(Records drawn from a dataset)
[Start of section]
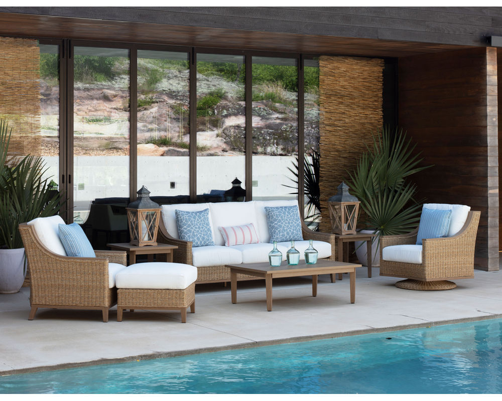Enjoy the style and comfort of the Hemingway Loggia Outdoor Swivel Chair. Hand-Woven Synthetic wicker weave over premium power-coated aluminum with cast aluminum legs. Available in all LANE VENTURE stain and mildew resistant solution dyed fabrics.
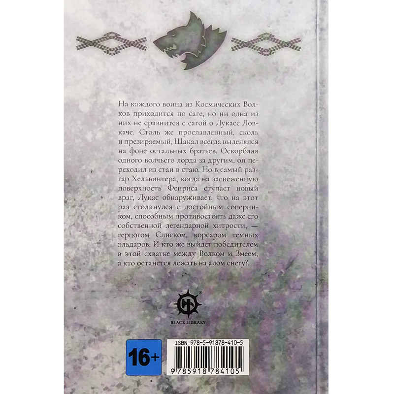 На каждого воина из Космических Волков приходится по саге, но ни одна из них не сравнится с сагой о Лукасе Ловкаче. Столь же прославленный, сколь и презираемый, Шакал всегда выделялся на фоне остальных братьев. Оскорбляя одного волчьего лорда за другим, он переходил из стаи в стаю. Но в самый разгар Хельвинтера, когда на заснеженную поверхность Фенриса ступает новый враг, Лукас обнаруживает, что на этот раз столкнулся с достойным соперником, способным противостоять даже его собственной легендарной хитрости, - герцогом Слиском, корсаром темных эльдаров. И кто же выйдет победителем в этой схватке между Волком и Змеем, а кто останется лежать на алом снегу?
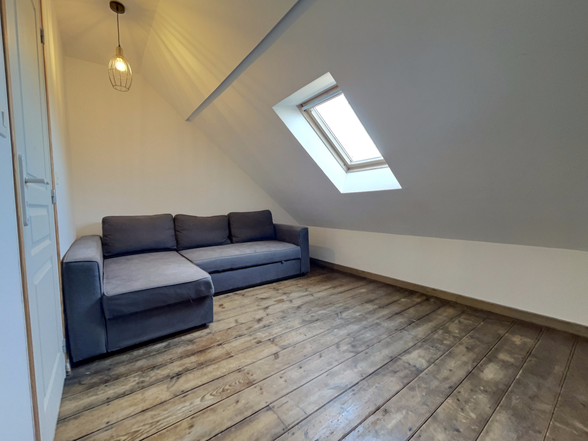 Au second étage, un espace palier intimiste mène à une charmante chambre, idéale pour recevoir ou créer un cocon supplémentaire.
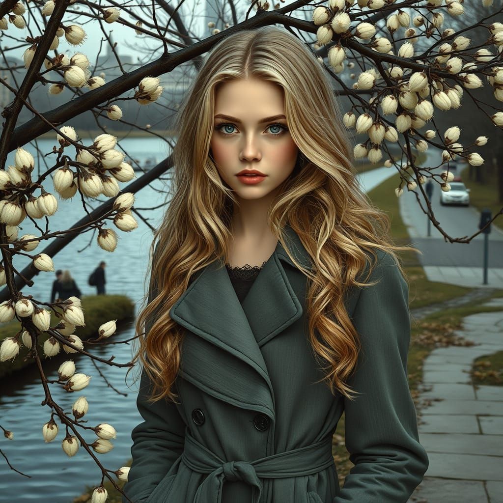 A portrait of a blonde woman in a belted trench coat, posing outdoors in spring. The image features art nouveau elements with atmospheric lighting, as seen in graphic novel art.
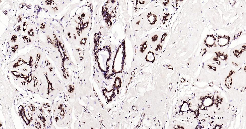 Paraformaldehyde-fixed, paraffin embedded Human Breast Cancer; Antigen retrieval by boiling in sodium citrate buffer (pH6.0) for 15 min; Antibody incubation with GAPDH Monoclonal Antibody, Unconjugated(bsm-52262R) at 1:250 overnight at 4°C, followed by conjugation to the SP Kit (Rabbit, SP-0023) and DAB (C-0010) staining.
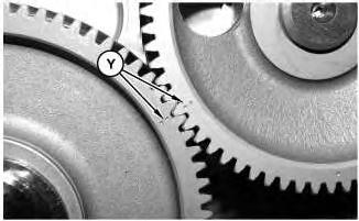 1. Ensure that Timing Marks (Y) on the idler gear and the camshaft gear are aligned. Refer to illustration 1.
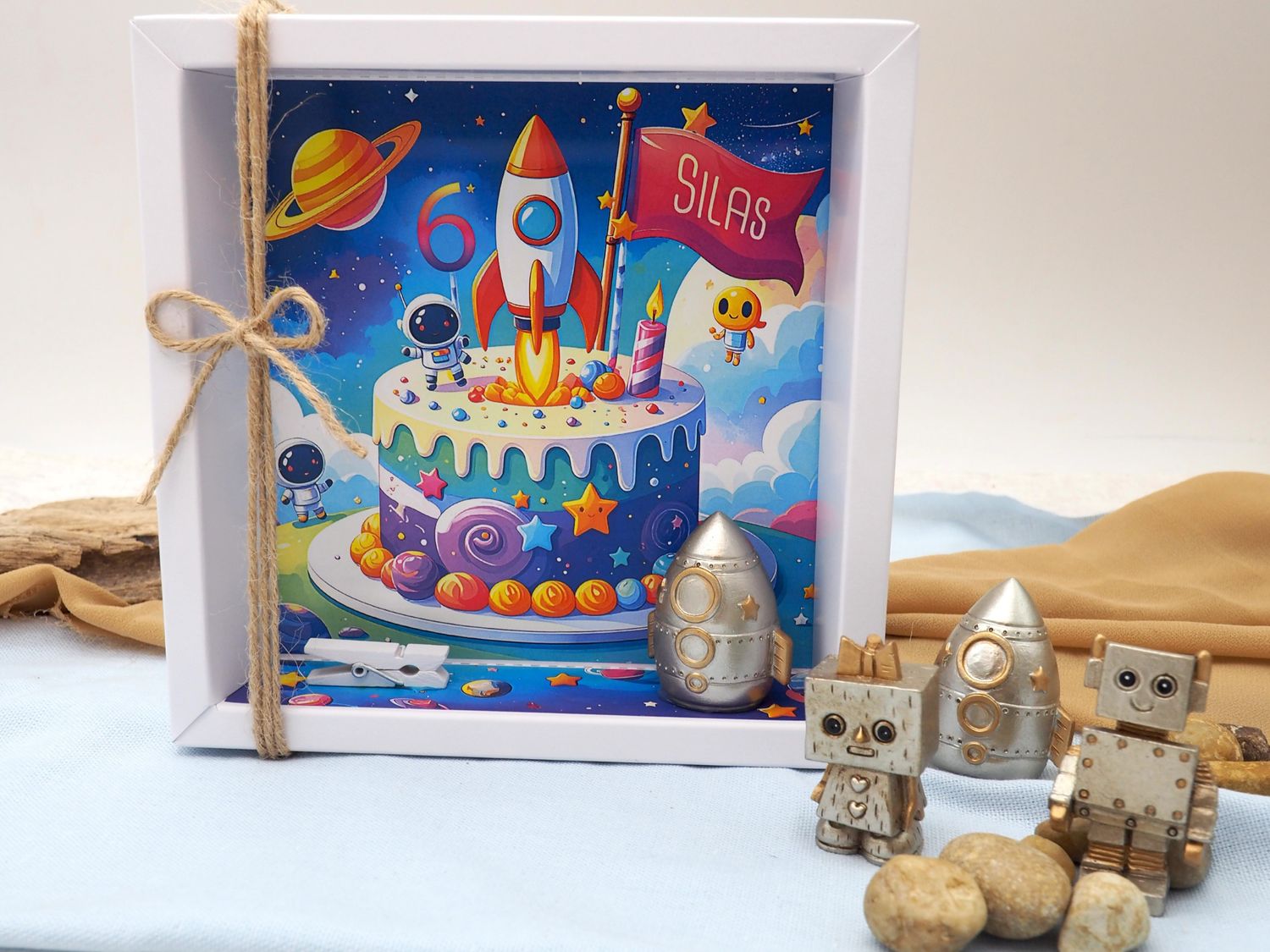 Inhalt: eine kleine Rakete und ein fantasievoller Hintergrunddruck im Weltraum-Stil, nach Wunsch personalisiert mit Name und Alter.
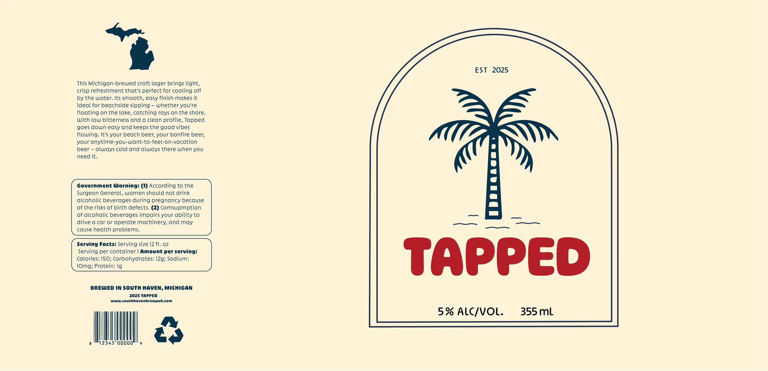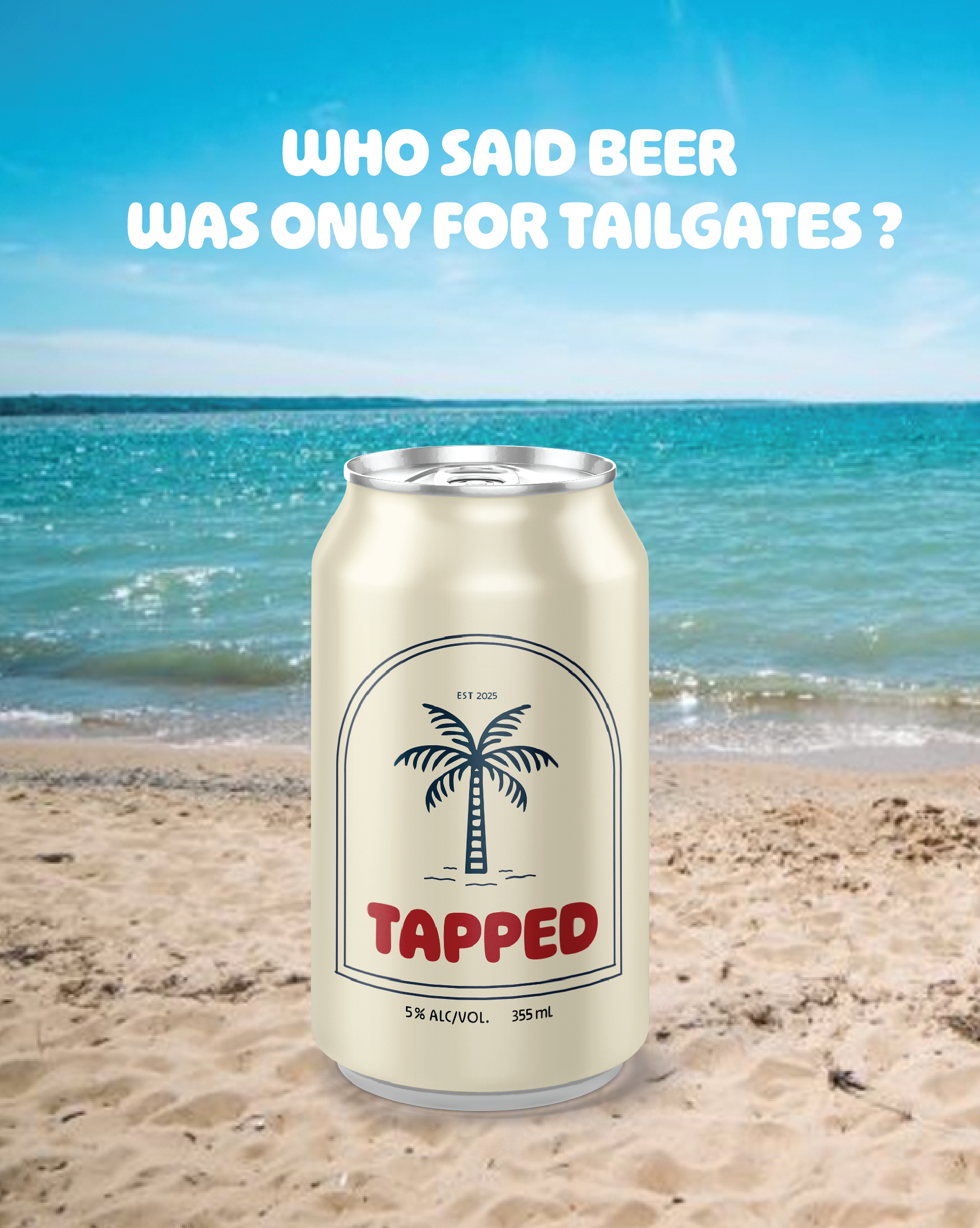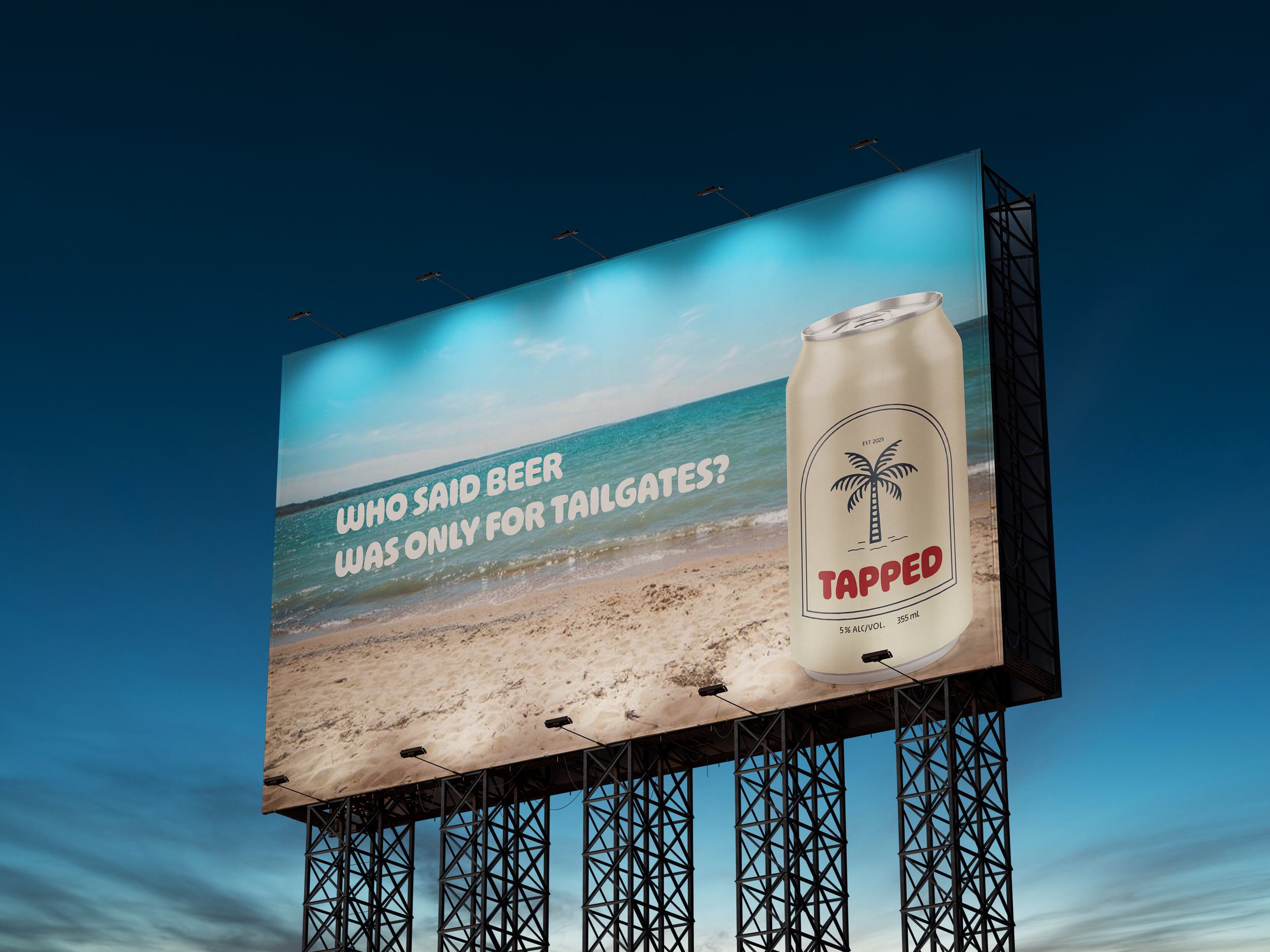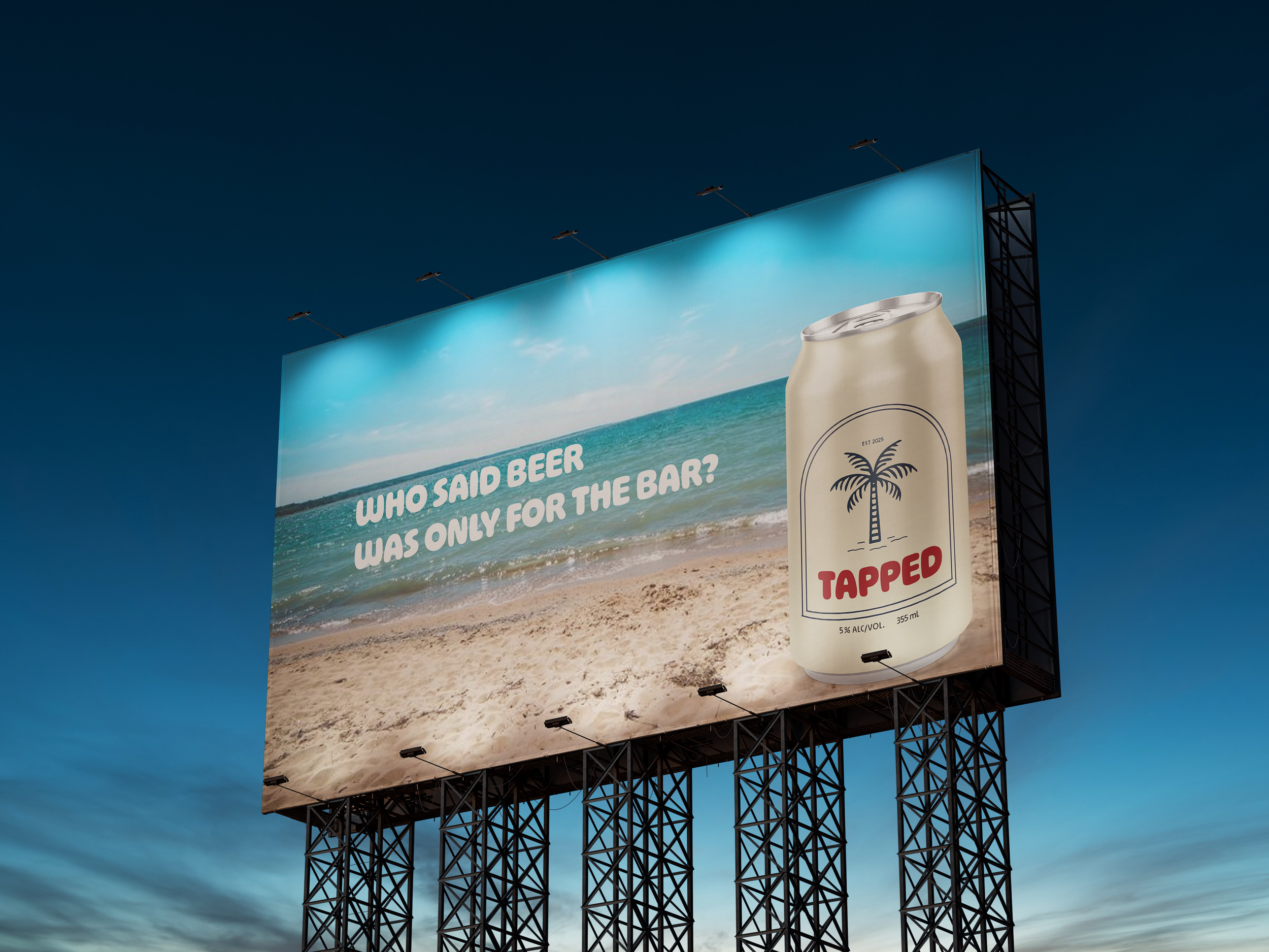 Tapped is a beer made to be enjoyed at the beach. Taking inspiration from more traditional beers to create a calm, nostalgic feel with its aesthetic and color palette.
[End of section]
• **Task details**
The answer must consist solely of the lines from the one with "Au second étage, un" through the final line of the data, each reproduced exactly and with pictures omitted.

• **Exercise result**
 Au second étage, un espace palier intimiste mène à une charmante chambre, idéale pour recevoir ou créer un cocon supplémentaire.
 A portrait of a blonde woman in a belted trench coat, posing outdoors in spring. The image features art nouveau elements with atmospheric lighting, as seen in graphic novel art.
 Paraformaldehyde-fixed, paraffin embedded Human Breast Cancer; Antigen retrieval by boiling in sodium citrate buffer (pH6.0) for 15 min; Antibody incubation with GAPDH Monoclonal Antibody, Unconjugated(bsm-52262R) at 1:250 overnight at 4°C, followed by conjugation to the SP Kit (Rabbit, SP-0023) and DAB (C-0010) staining.
 1. Ensure that Timing Marks (Y) on the idler gear and the camshaft gear are aligned. Refer to illustration 1.
 Inhalt: eine kleine Rakete und ein fantasievoller Hintergrunddruck im Weltraum-Stil, nach Wunsch personalisiert mit Name und Alter.
 Tapped is a beer made to be enjoyed at the beach. Taking inspiration from more traditional beers to create a calm, nostalgic feel with its aesthetic and color palette.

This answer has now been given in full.